Angular behavior of the absorption limit in thin film silicon solar cells

TL;DR

This paper explores how thin film silicon solar cells can surpass traditional absorption limits through innovative 2D periodic structures, analyzing angular behavior, polarization effects, and parasitic losses to optimize light trapping.

Contribution

It introduces a new automated method for extracting guided modes and demonstrates potential surpassing of the 4n^2 absorption limit in thin film solar cells using 2D periodic structures.

Findings

Potential to exceed the 4n^2 limit in absorption.

Transverse magnetic polarization yields higher enhancement.

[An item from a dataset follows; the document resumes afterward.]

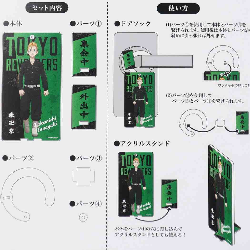 ドアフックとしてもアクスタとしても使える2way仕様 少年マガジンに連載され、アニメ&実写映画も大人気のタイムリープものヤンキー漫画[東京リベンジャーズ]がグッズになって登場こちらは勉強時間や在宅ワークのお供にぴったりな[ドアノブアクリルスタンド]ドアフックとしてもアクスタとしても使える2way仕様です東リベグッズいろいろあるのでお気に入りを揃えてくださいサイズ:約90x165x3mm素材:アクリル[Made in Japan]

Parasitic losses significantly reduce practical enhancement.

Abstract

We investigate the angular behavior of the upper bound of absorption provided by the guided modes in thin film solar cells. We show that the 4n^2 limit can be potentially exceeded in a wide angular and wavelength range using two-dimensional periodic thin film structures. Two models are used to estimate the absorption enhancement; in the first one, we apply the periodicity condition along the thickness of the thin film structure but in the second one, we consider imperfect confinement of the wave to the device. To extract the guided modes, we use an automatized procedure which is established in this work. Through examples, we show that from the optical point of view, thin film structures have a high potential to be improved by changing their shape. Also, we discuss the nature of different optical resonances which can be potentially used to enhance light trapping in the solar cell. We investigate the two different polarization directions for one-dimensional gratings and we show that the transverse magnetic polarization can provide higher values of absorption enhancement. We also propose a way to reduce the angular dependence of the solar cell efficiency by the appropriate choice of periodic pattern. Finally, to get more practical values for the absorption enhancement, we consider the effect of parasitic loss which can significantly reduce the enhancement factor.